Me quedo también con una cosa muy positiva para mí: es ligero de leer y agradable. En mi novela ya me he parado más en las sensaciones y en otros puntos que me han ido señalando mis lectores y los compañeros del foro. el sufrimiento es mucho mayor, sin duda.
Nunca termina uno de aprender.
Gracias por leerlo
Chao
A ver, con retraso, pero ya estoy aquí XDDD
Me ha gustado lo que cuentas y ese final que deja claro las pocas ganas de vivir de la protagonista creo que cierra bien el círculo. La pega que le encuentro es el cómo lo cuentas. A ver si consigo explicarme: has escogido narrarlo en primera persona y sin embargo me ha dado la impresión de estar contado desde fuera. No sé, es como si quedara tan explicativo que perdiera la fuerza de las emociones que está contándonos. Transmite lo mismo cuando empieza a contar la tormenta que cuando nos cuenta que su marido ha muerto. No sé si es un recurso buscado o no pero es la sensación que me ha dado, demasiada frialdad.
Un ejemplo:
El agua de la calle había arrastrado una furgoneta de algún vecino y la había estrellado contra la pared del salón, abriendo un boquete de un metro y medio de alto por medio de ancho. A los lados del agujero la pared se había resquebrajado. Gracias a Dios, la furgoneta se había quedado ahí, de tapón, y sólo entraba un chorro de agua no muy grande, que era lo que me había salpicado.

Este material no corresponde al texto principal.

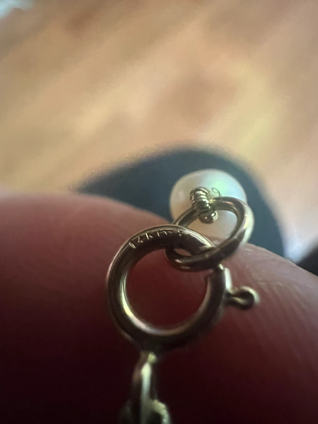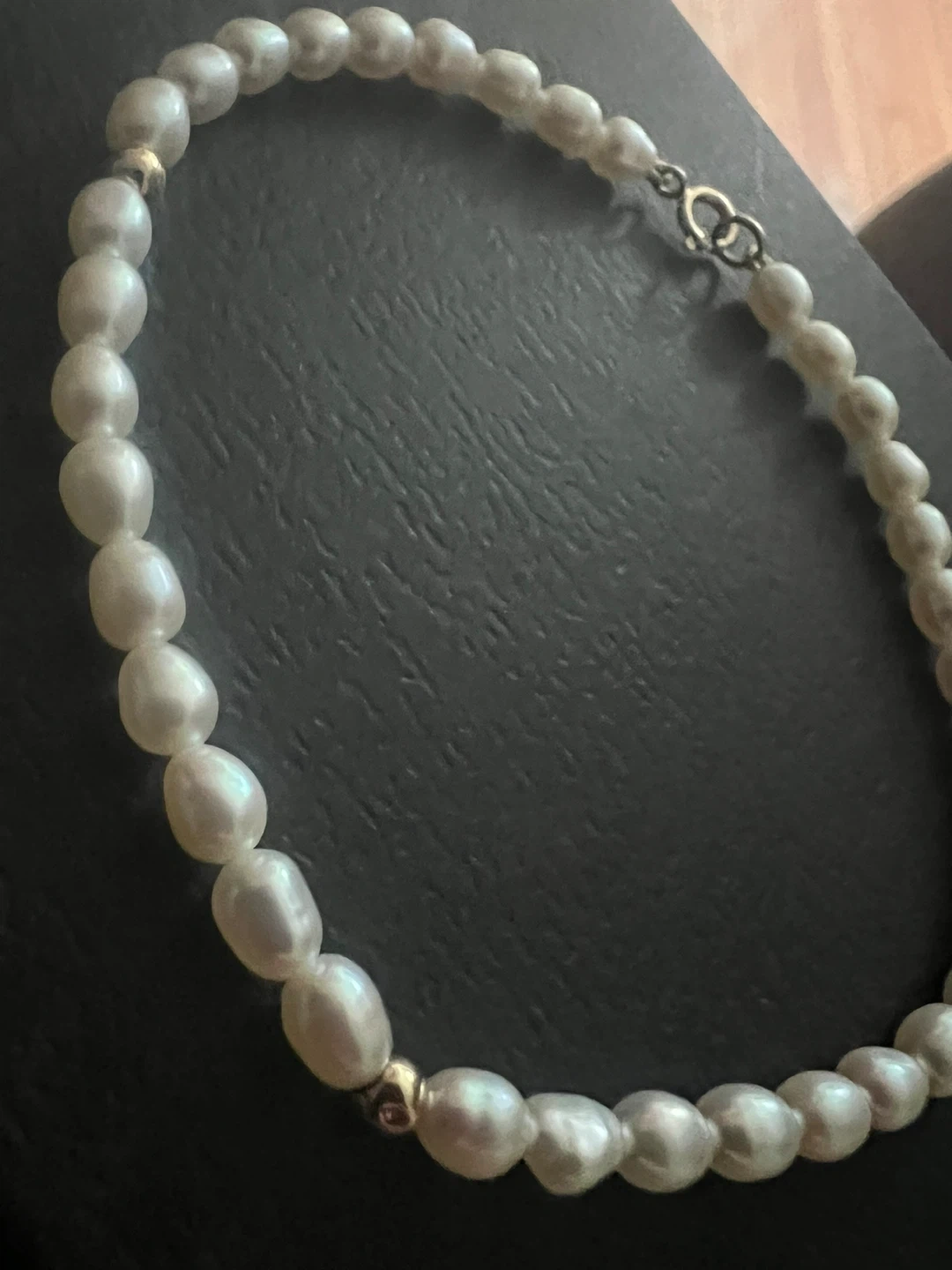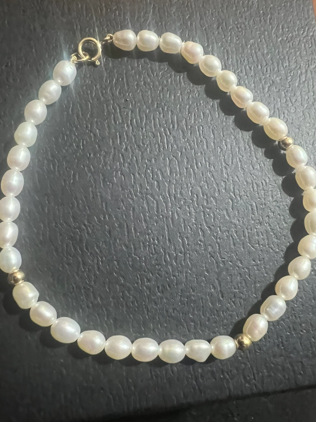This is a delicate bracelet featuring cultured pearls with small gold beads interspersed. It's secured with a 14K gold clasp.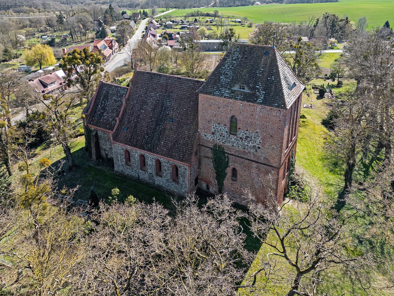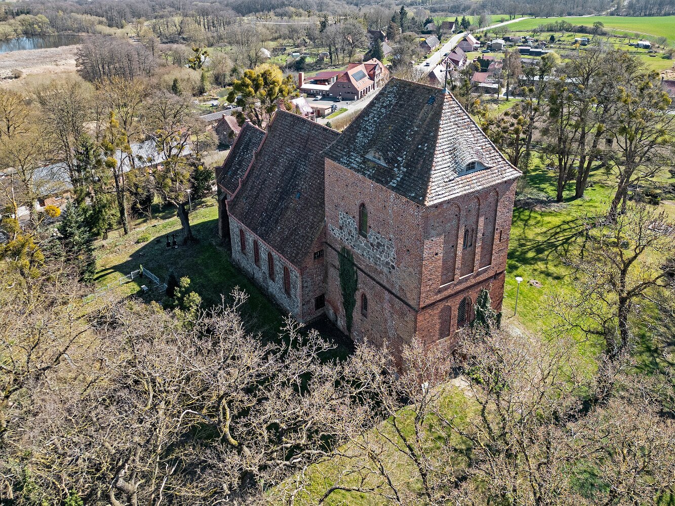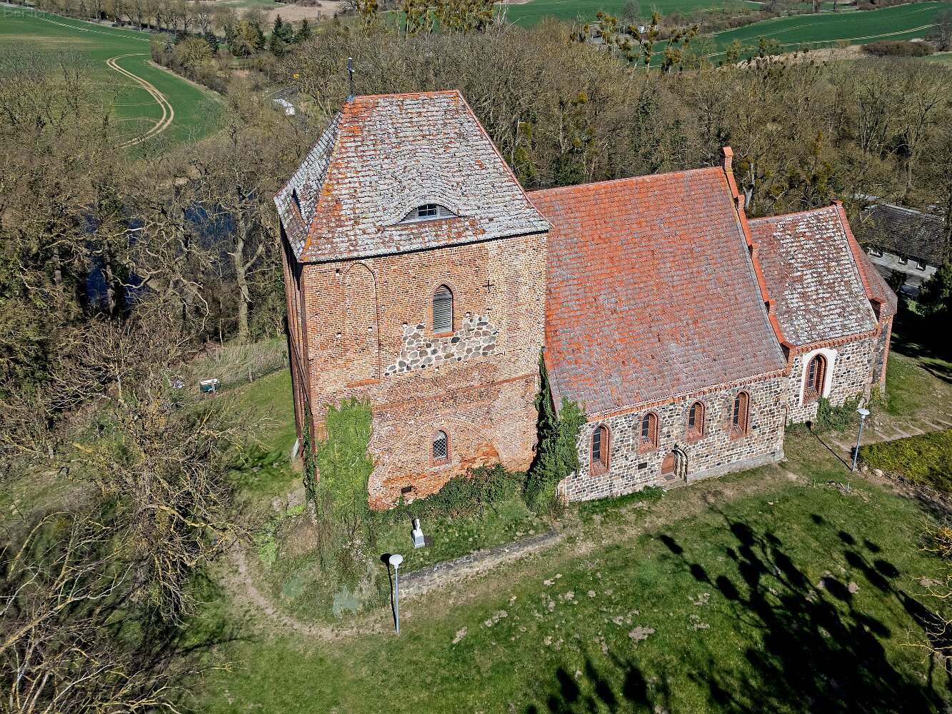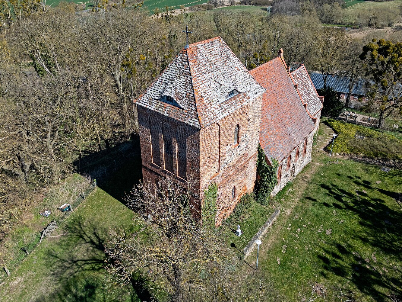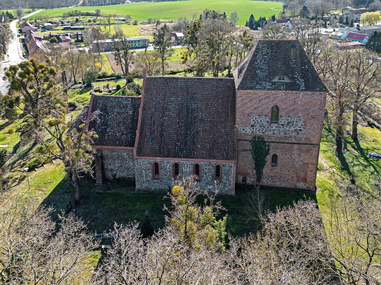 Drohnenaufnahmen der Feldsteinkirche in Kirch Grubenhagen

Comprendo que lo que quieres es dejarle clara al lector la imagen de la escena pero a mi se me hace poco creíble que en un momento así, una madre se detenga a calcular las medidas del agujero y a fijarse en las grietas y que solo repare en lo que siente para explicar porqué estaba mojada.
No sé, ya te digo, me da la impresión de que el relato hubiese ganado muchísimo si el punto de vista de la protagonista hubiese sido más íntimo y menos explicativo. Pero en esto, como en todo, los gustos mandan
El relato se ve venir, es lo que te esperas de un tema como catástrofes naturales, y eso le habrá pesado. Por lo demás, se lee con agrado, quizá le falta un clímax, porque me parece un poco plano. Aún así tiene un final sentimental que no está mal, ese Muy pronto queda muy bien.